I do think this remaster could have done a lot more to make it the definitive version of Persona 3, like an anime cutscene viewer (there are none aside from the openings), the ability to choose between the male and female social link versions, being able to choose inherited abilities (something SMT Nocturne Remastered added) altering some problematic things like being able to romance Ken (who is a child) or the trans woman in Operation Babe Hunt, having gay romances, I could go on, but there is a reason this is still my favorite Persona game. I may love the P2 cast, Inaba may be cozy, and P5 may have the most style, but Tatsumi Port Island is home. Your party here starts off abrasive and hesitant to open up, but they slowly become your found family over the course of the game.
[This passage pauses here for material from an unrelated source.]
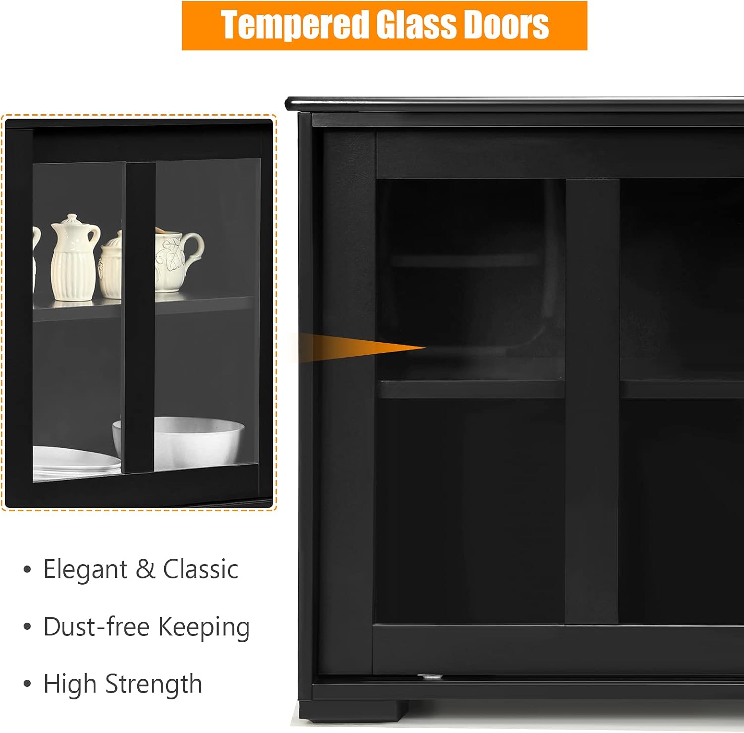 - 【Height-Adjustable Shelf】 - This kitchen cabinet features a height-adjustable storage shelf with 3 height positions, which can manage to make the storage space utilized according to the item size. Plus, with tempered transparent glass doors, you can find your items effortlessly.
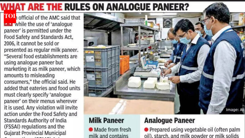 Between Feb 1 and 22, AMC’s food department carried out an extensive inspection drive across the city. During this period, 1,083 restaurants, hotels and food establishments were inspected and notices were issued to 432 units. Authorities also destroyed 823 kg of inedible food and 878 litres of inedible liquid. A total of 495 food samples were collected for testing, including 110 samples of dairy products such as paneer. Of these, 10 paneer samples from 10 different restaurants and food units were found to substandard after laboratory tests revealed the high content of vegetable fat.The establishments whose paneer samples failed quality standards include Barbeque Nation in Nikol, Jay Kalyan Fast Food in Thakkarbapanagar, The Leo Pizza in Bapunagar, Krishna Aloo Paratha Centre in Navrangpura, Jay Bhavani Bhojanalay in Vejalpur, Maa Ki Rasoi in Satellite, Nutrilicious in Jodhpur, Ubot Hospitality Pvt Ltd in Naranpura, The Real Paprika on Anandnagar Road and Pizzart in the Amraiwadi. These units were fined between Rs 7,000 and Rs 10,000.Following the findings, AMC officials traced the supply chain of the paneer and conducted raids at three locations. A total of 173kg of paneer was seized, including 14kg from a dairy unit on Sola Road, 110 kg from a dairy in Vejalpur and 49kg from a dairy in Naroda.The civic body has warned that inspections will continue in the coming days. The food department plans to check a wide range of items including cold drinks, snacks, ice cream, lassi, dry fruits, dairy products, bakery products, edible oils, prepared foods and raw materials. Hotels and restaurants operating without licence or registration will also face strict action.(GFX sent to designers)Box: What are the rules on analog paneer?An official of the AMC said that while the use of ‘analog paneer’ is permitted under the Food Safety and Standards Act, 2006, it cannot be sold or presented as regular milk paneer. “Several food establishments are using analog paneer but marketing it as milk paneer, which amounts to misleading consumers,” the official said. He added that eateries and food units must clearly specify ‘analog paneer’ on their menus wherever it is used. Any violation will invite action under the Food Safety and Standards Authority of India (FSSAI) regulations and the Gujarat Provincial Municipal Corporations (GPMC) Act.What’s the difference Milk Paneer Made from fresh milk and contains natural milk fat Rich in protein and offers higher nutritional value More expensive due to its pure milk content Analogue Paneer Prepared using vegetable oil (often palm oil), starch, and milk powder or milk solids Contains vegetable fat instead of natural milk fat Lower in protein and nutritional value compared to milk paneer Cheaper because it uses oil and starch as substitutes How to differentiate? Texture: Milk paneer is soft, slightly crumbly, and may release some moisture. Analogue paneer is rubbery and tends to regain shape after pressing Cooking: Milk Paneer softens but does not turn rubbery or excessively hard. But analogue paneer feels greasy and may become rubbery when cooked

The game explores the theme of death so well that it still resonates with me just as much as it did when I first played it. There’s just something special about P3P, and I love it – flaws and all.
Persona 3 Portable
This remaster may be closer to a simple upscale, but Persona 3 Portable is still an incredible game that set the standard for modern Persona. The game looks and runs great no matter what you play it on, with a few caveats. While this probably won’t settle the debate about P3’s definitive version, it’s great to have it easily available.